Sledgehammer Shannon

Not buying into the Uber Goober:
Liss-Riordan has heard all this before. When she litigated similar cases on behalf of cleaning workers, the cleaning companies claimed they were simply connecting broom-pushing "independent franchises" with customers. When she won several landmark cases brought by exotic dancers who had been misclassified as contractors, the strip clubs argued that they were "bars where you happen to have naked women dancing," Liss-Riordan recounts with a wry smile. "The court said, 'No. People come to your bar because of that entertainment. Adult entertainment. That's your business.'"

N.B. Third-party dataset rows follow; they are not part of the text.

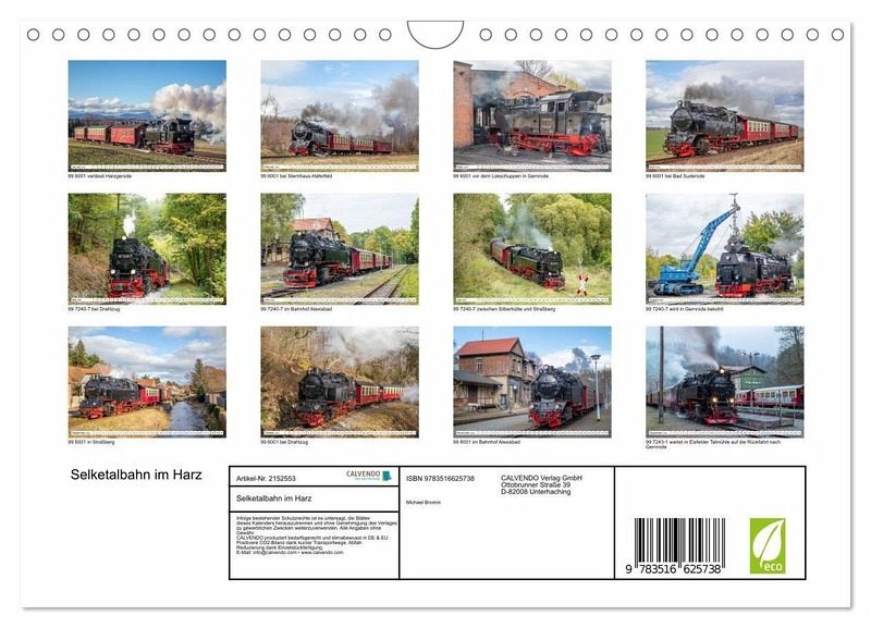 QUALITÄT - Hochwertiger Fotokalender mit 12 wunderschönen Motiven auf lichtbeständigem Bilderdruckpapier, robuste Spiralbindung mit Aufhängebügel.NACHHALTIG - deutliche Abfallreduzierung durch bedarfsgerechte Einzelstückfertigung, umweltfreundliches FSC-zertifiziertes Papier, Produktion in Deutschland, klimabewusste Logistik.PERFEKTES GESCHENK - Kalender für Freunde und Familie, für Kinder und Erwachsene, jung und alt, zu Weihnachten, Geburtstag oder zwischendurch.VIELFALT - Bildkalender in verschiedenen Formaten, z.B. DIN A5, DIN A4, DIN A3sowie DIN A2. Ob Naturmotiv, Gemälde oder Fotos, ideal für ein persönliches Wohlfühlambiente.Dampfloks auf der Selketalbahn von Autor(in): Michael Bromm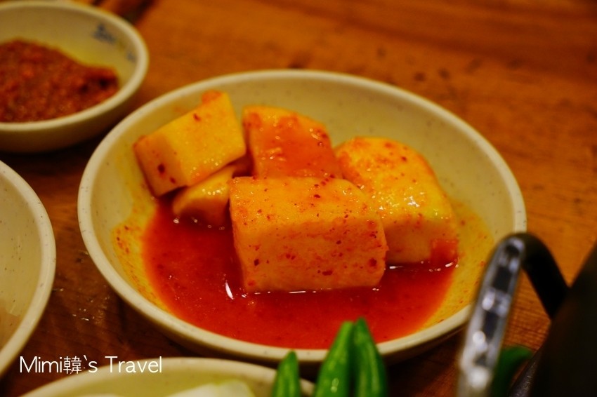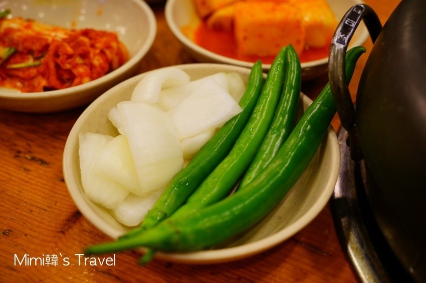 韓國美食餐廳都一定會有的泡菜、蘿蔔等小菜,還有他們韓國人好像很喜歡吃青辣椒沾辣椒醬,大家也可以試試看。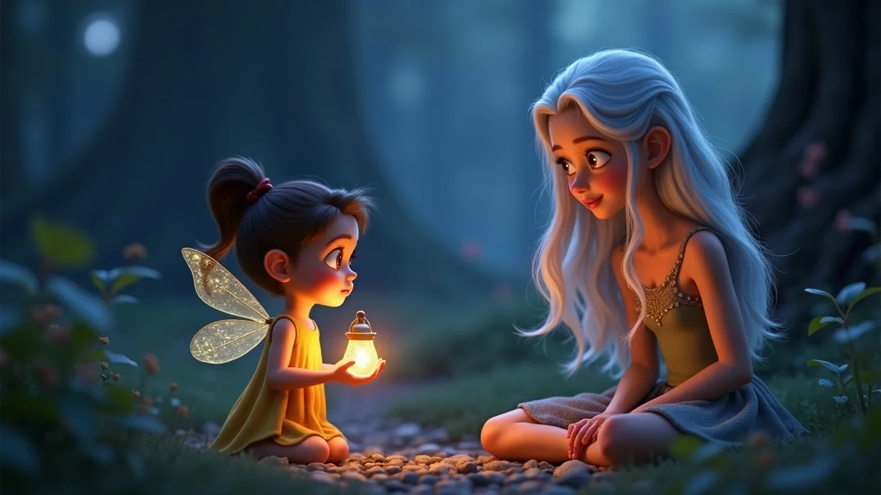 Когда Искорка наконец-то приблизилась к сияющему саду Феи Лунного Света, её сердце забилось ещё сильнее. Там, среди нежных лунных цветов и серебристых трав, парила сама Фея Лунного Света. Её волосы, сотканные из самого нежного лунного сияния, мягко струились по плечам, а глаза сияли мудростью и добротой.

Uber's argument is pretty similar to that of the strip clubs. "Uber is obviously a car service," she says, and to insist otherwise is "to deny the obvious."

A Tale of Three Storms

Storm #1 is done here (0.20" at Sac Exec Airport, which is more than I expected, seeing how the storm hit coastal areas like Monterey and San Diego, plus the Coast Range harder). It's still raining in various places (lots of rain in Arizona, particularly just north of Tucson). Storm #2 comes in later tonight, and Storm #3 on Wednesday.

Then, a break for a while, towards the weekend.

Then, the badly-battered Really Resilient Ridge will cave in next week, on Tuesday, January 12th, and finally expose California to the raw fury of the North Pacific. Next week should be great!

My Life Has Been In Cool Places

Sacramento is #4 and Albuquerque is #5! Woohoo!
At a time when many of the people living in said cities are wondering, where to next, take a look at these five secretly cool destinations. Believe it or don't believe it - things are absolutely happening. Put on your big pioneer pants and jump in before everyone else does.

Battles Of The Past Yet To Happen

Lt. Commander Rebecca Jordan, hero of Smog Town troops in the Battle of Interstate 5.

Time to review New Year's 2014. Time to revisit "The Great War of the Californias" (which was won by everyone declaring victory and going home).


Among the holdings at the Di Rosa Art Museum near Napa. They actually have on display the immense panoramic canvas of "The Battle of San Francisco". Salute the heroes of that Great War!